< 1 min read
The Archdiocese of New York is about to release a plan to close a number of Catholic schools and to try to consolidate and revitalize the ones that remain. The reaction to the school closures won't be good. Around the country, whenever Catholic schools are shuttered, families (and particularly less affluent families) suffer. Of course, given the difficult financial straits of the Church and the fact that more of its base has been moving to the suburbs, it is hard for the church to keep supporting such an extensive urban school system. But there may be some good news here too. According to an article in the New York Times earlier this week:

The report describes initiatives for recruiting top-flight principals, attracting more Latino students, increasing tuition aid, improving test scores and advertising to promote the record of Catholic schools, whose students tend to do better on standardized tests than public school children.

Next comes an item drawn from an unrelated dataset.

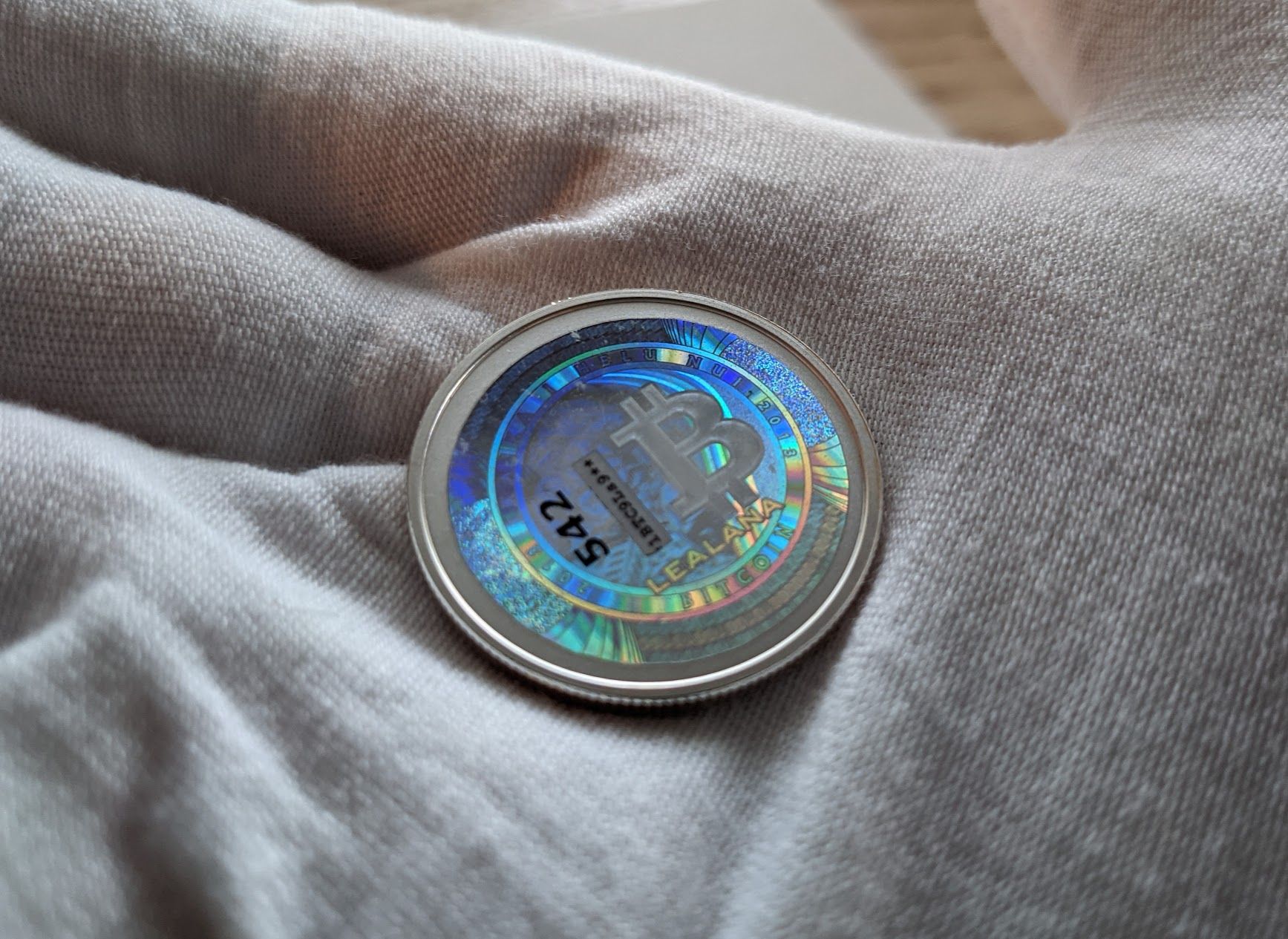 The private key to access the Bitcoin is secured behind a tamper-evident hologram.
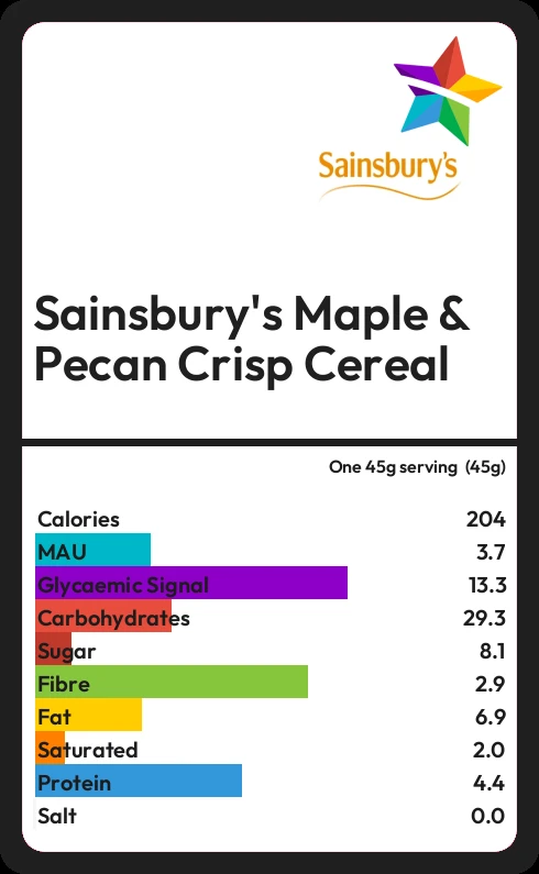 Sainsbury's Maple & Pecan Crisp Cereal contains 203.9 calories in one 45g serving  (45g).

In other words, it seems as if there is at least going to be a broad strategy to make Catholic education more viable in the future. The Times says that:

The plan calls for closing schools with chronically low enrollments, clustering the remaining schools into regional groups administered by clergy and lay people from neighboring parishes, and spreading the cost more uniformly among the 2.5 million Catholics in the archdiocese, regardless of whether their parishes contain a parochial school. Income from the sale or rental of former school buildings would be shared by all the schools in the system, rather than kept by the parishes in which they sit.

These all seem like good ideas and let's hope they can prevent more school closures in the future.